(ProQuest: ... denotes non-US-ASCII text omitted.)
Zhao-Qing Wang 1 and Shuchen Li 2 and Yang Ping 2 and Jian Jiang 1 and Teng-Fei Ma 2
Academic Editor:Miaojuan Peng
1, Institute of Engineering Mechanics, Shandong Jianzhu University, Jinan 250101, China
2, Geotechnical and Structural Engineering Research Center, Shandong University, Jinan 250061, China
Received 15 December 2013; Accepted 8 March 2014; 23 April 2014
This is an open access article distributed under the Creative Commons Attribution License, which permits unrestricted use, distribution, and reproduction in any medium, provided the original work is properly cited.
1. Introduction
In physics, mechanics, and other disciplines, Poisson equation or Laplace equation is used as the governing equation to describe electric potential, temperature, and many other physical quantities. The functions satisfying Laplace equation are called potential functions and the problems of electric potential, temperature, and so forth are also known as potential problems. In engineering problems, we need to inevitably solve potential problems in complex regions and the doubly connected domain composed of two closed curves is a typical complex region. Therefore, how to precisely solve potential problems in complex regions is an important issue in the field of numerical calculation.

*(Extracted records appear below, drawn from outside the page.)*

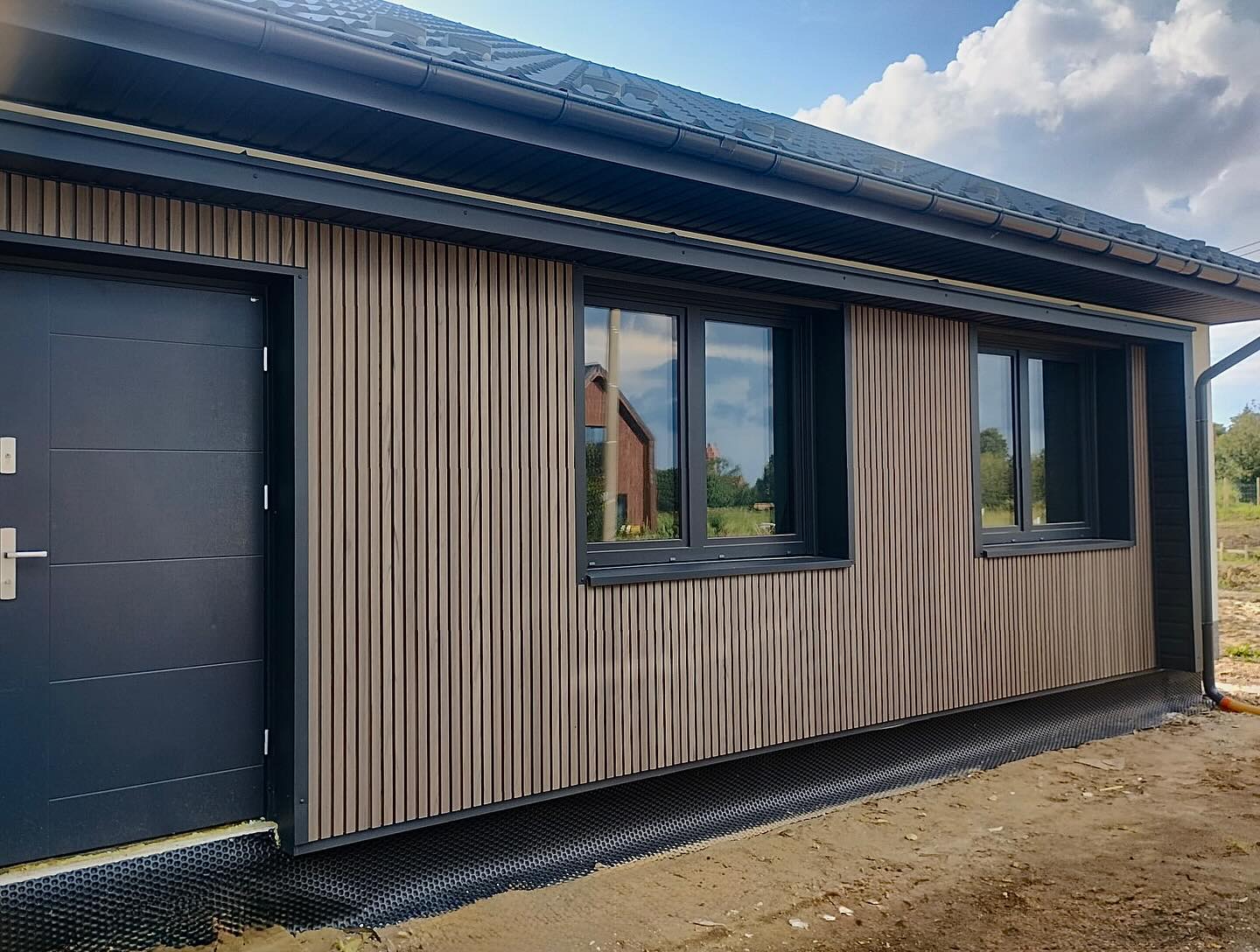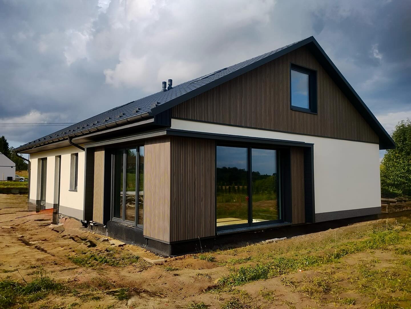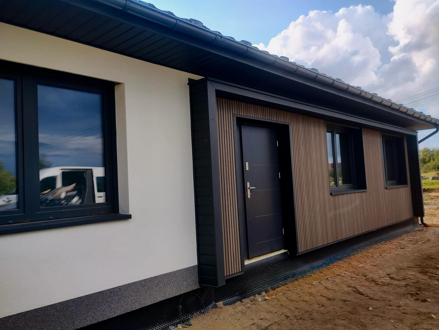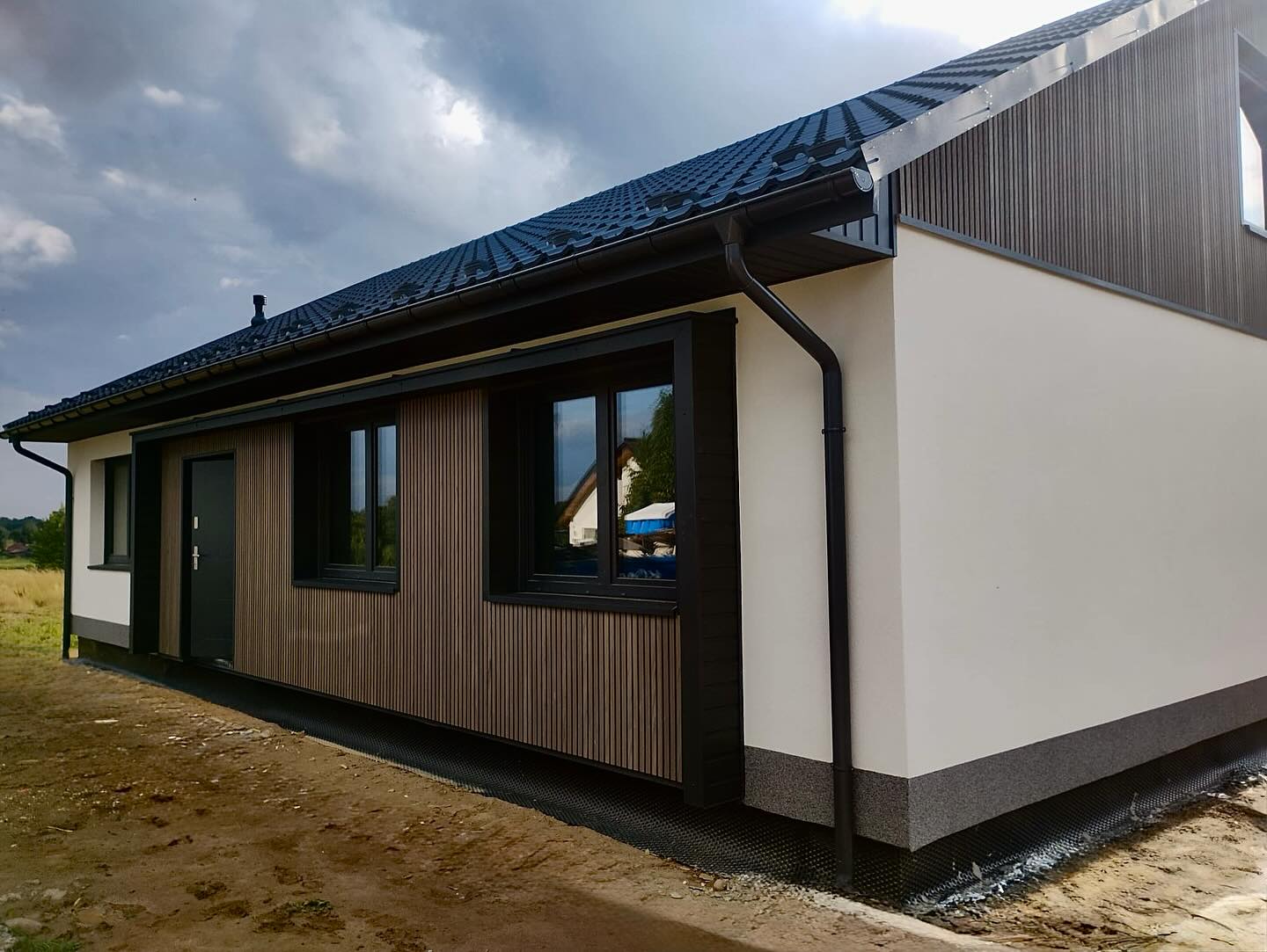 Realizzazione del progetto H 172 nella versione non standard – versione con il rivestimento esterno misto: intonaco/lamiera nera e bianca
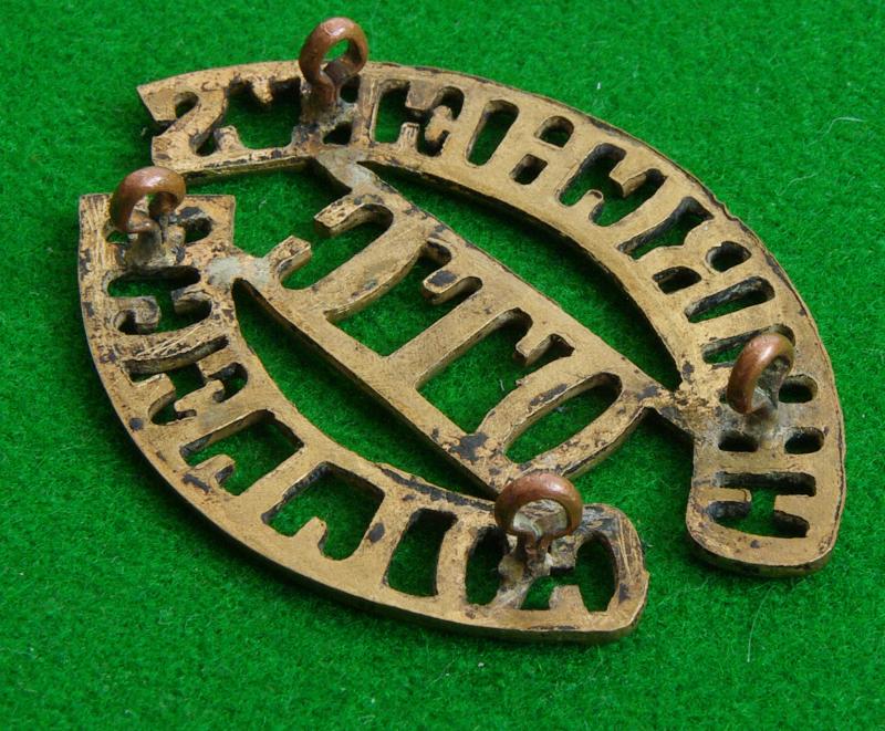 Brass shoulder title, "Churcher's / O.T.C. / College"
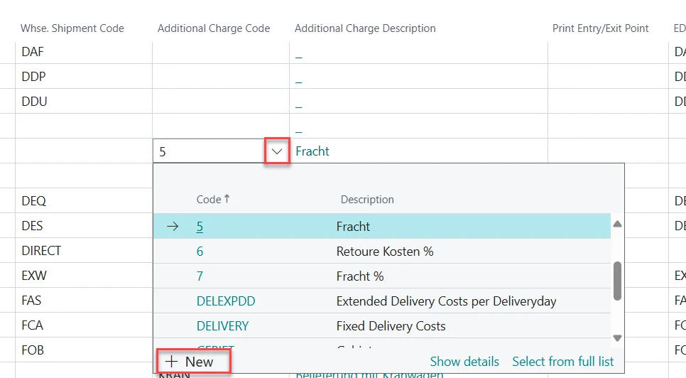 Wir passen die Lieferbedingung Lieferung die wir im vorherigen HowTo erstellt haben, an. Öffnen Sie das Dropdown-Menü in der Spalte Zusatzkostencode und klicken Sie auf +Neu.
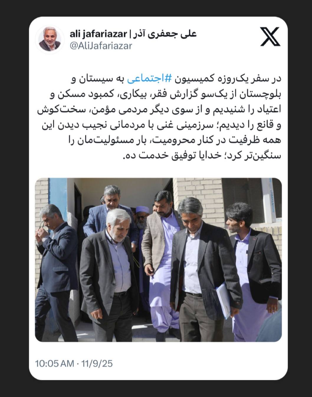 در سفر یک‌روزه کمیسیون ⁧ #اجتماعی ⁩ به سیستان‌ و بلوچستان از یک‌سو گزارش فقر، بیکاری، کمبود مسکن و اعتیاد را شنیدیم و از سوی دیگر مردمی مؤمن، سخت‌کوش و قانع را دیدیم؛ سرزمینی غنی با مردمانی نجیب دیدن این همه ظرفیت در کنار محرومیت، بار مسئولیت‌مان را سنگین‌تر کرد؛ خدایا توفیق خدمت ده. ✍️علی […]
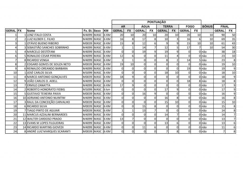 Resultado geral 6km masculino
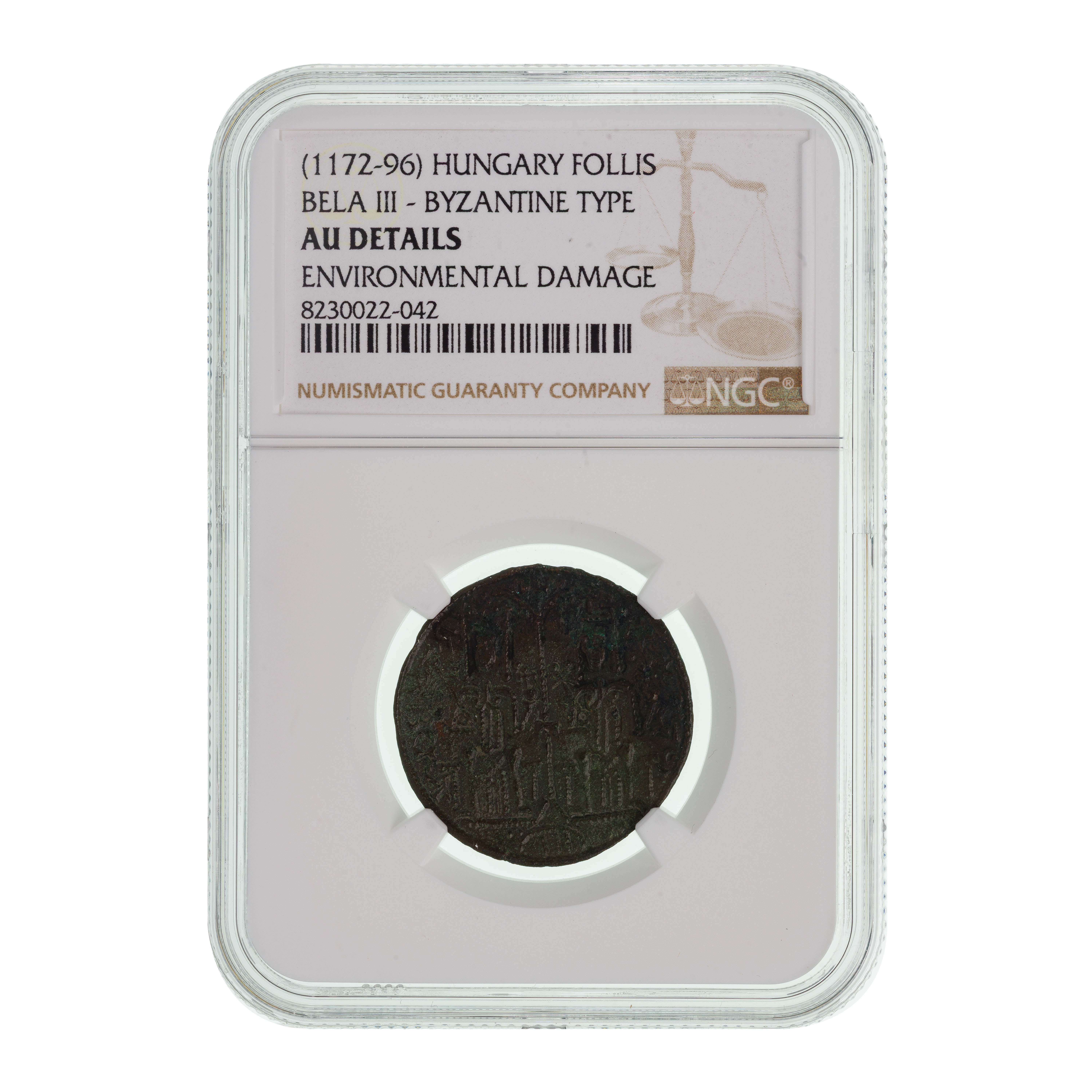 HUNGARY (1172-96) Follis Bela III – Byzantine Type AU DETAILS NGC
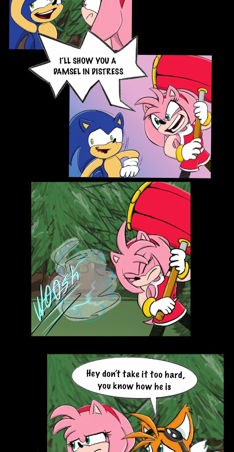 Amy ready to show sonic how heavy her hammer is
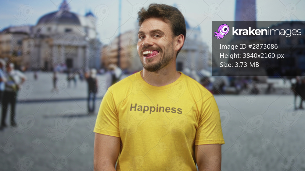 Man in a yellow tshirt sticking out his tongue in front of a historic building in a crowded square; playful mischief.
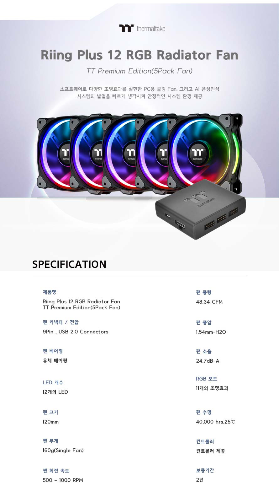 Riing Plus 12 RGB TT 프리미엄 에디션 (5PACK/Controller)
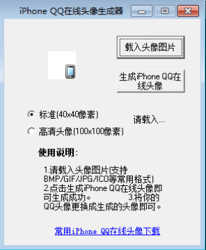 iPhoneQQ在线头像生成器是一款qq装逼小工具,相信大家都知道,iPhoneqq在线时和安卓的不一样,现在使用iPhoneQQ在线头像生成器,就可以让别人看着你的qq也是iPhone在线,喜欢的朋友欢迎下载使用。
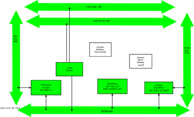 I chose this design on the basis that I should concentrate on a single use case at first. I also wanted to make maximum use of the equipment I already have installed (all the items in green are already installed and only the items in white remain to be ordered). I also have a number of redundant communication paths because this is advised in the Insteon whitepaper.
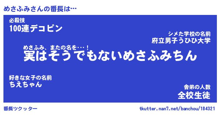 | 意味不明あだ名 | 『ペロリンめさふみ』『永久保存めさふみ』 |
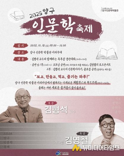 양구군은 오는 18일 오전 9시부터 오후 4시까지 양구인문학박물관 야외무대에서 ‘2025 양구 인문학 축제’를 개최한다. 이번 축제는 인문학의 가치를 널리 알리고 남녀노소 누구나 함께 즐길 수 있는 문화의 장을 마련하기 위해 기획됐다.

The finite element method (FEM) is an effective numerical method for solving potential problems in complex domains [1, 2]. However, to fit boundaries of complex regions and improve the calculation accuracy, FEM needs to divide dense elements, reducing the computational efficiency. The meshless methods, such as complex variable element-free Galerkin method [3-6], interpolating boundary element-free method [7], improved element-free Galerkin method [8-10], complex variable reproducing kernel particle method [11], and interpolating local Petrov-Galerkin method [12], have been presented to solve the potential and elasticity problems. In these meshless Galerkin methods, background grids are applied in numerical integration for forming the stiffness matrices.
Collocation method without element division and numerical integration is a truly meshless method. The collocation method has been widely applied to the field of engineering numerical calculation [13-18]. Spectral collocation method (pseudospectral method) based on the characteristic polynomial interpolation [15, 16] is a high-precision numerical method that achieves high accuracy with fewer nodes. Differential quadrature method (DQM) is also a high-precision collocation method [17, 18]. DQM applies the weighted sum of the unknown function value in the calculating nodes to approximate the derivative value of the unknown function. In two-dimensional problem, spectral collocation method and differential quadrature method adopt the tensor product to construct the approximation functions in rectangular domain. They cannot be directly applied to numerical calculation in geometrically complex regions. Collocation method based on radial basis function interpolation [19, 20] can be directly applied in complex areas. The calculation precision of this method depends on the selection of interpolation parameters that can be obtained only from a great deal of numerical calculation experience.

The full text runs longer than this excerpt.